SUPPLIED RECORDS:
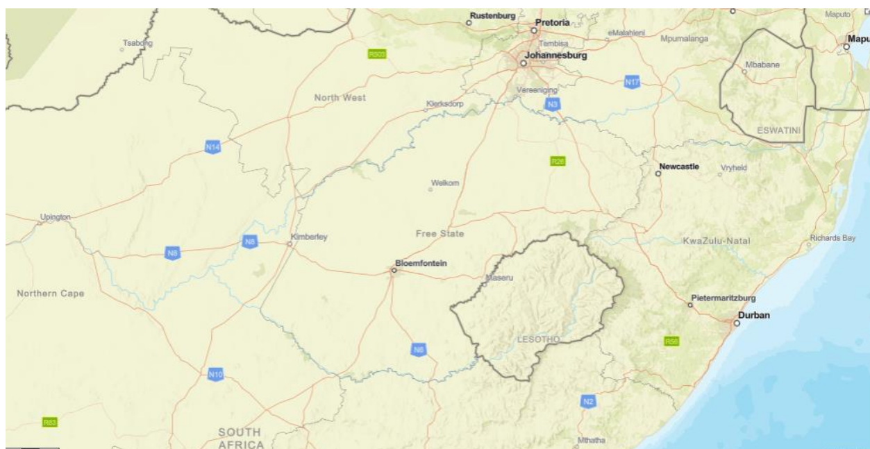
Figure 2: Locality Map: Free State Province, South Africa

---

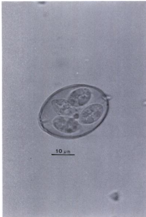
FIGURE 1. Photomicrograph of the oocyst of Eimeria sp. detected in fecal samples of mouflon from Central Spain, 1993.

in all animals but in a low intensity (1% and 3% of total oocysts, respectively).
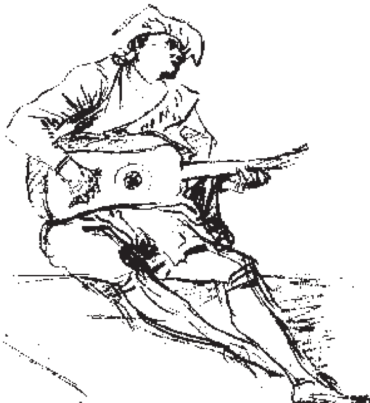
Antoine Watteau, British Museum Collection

--

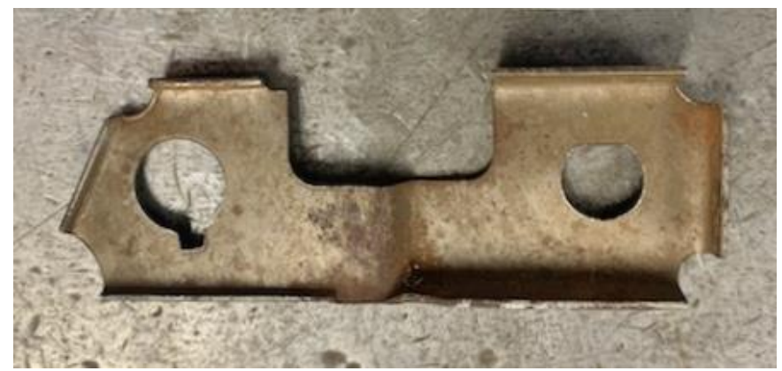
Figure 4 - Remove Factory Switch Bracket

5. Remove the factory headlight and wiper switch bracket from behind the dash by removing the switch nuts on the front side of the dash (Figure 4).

ABOUT THIS EXERCISE: Determine how many lines of the data contain "from" and give nothing but that number.

ANSWER TO THE PROBLEM: 2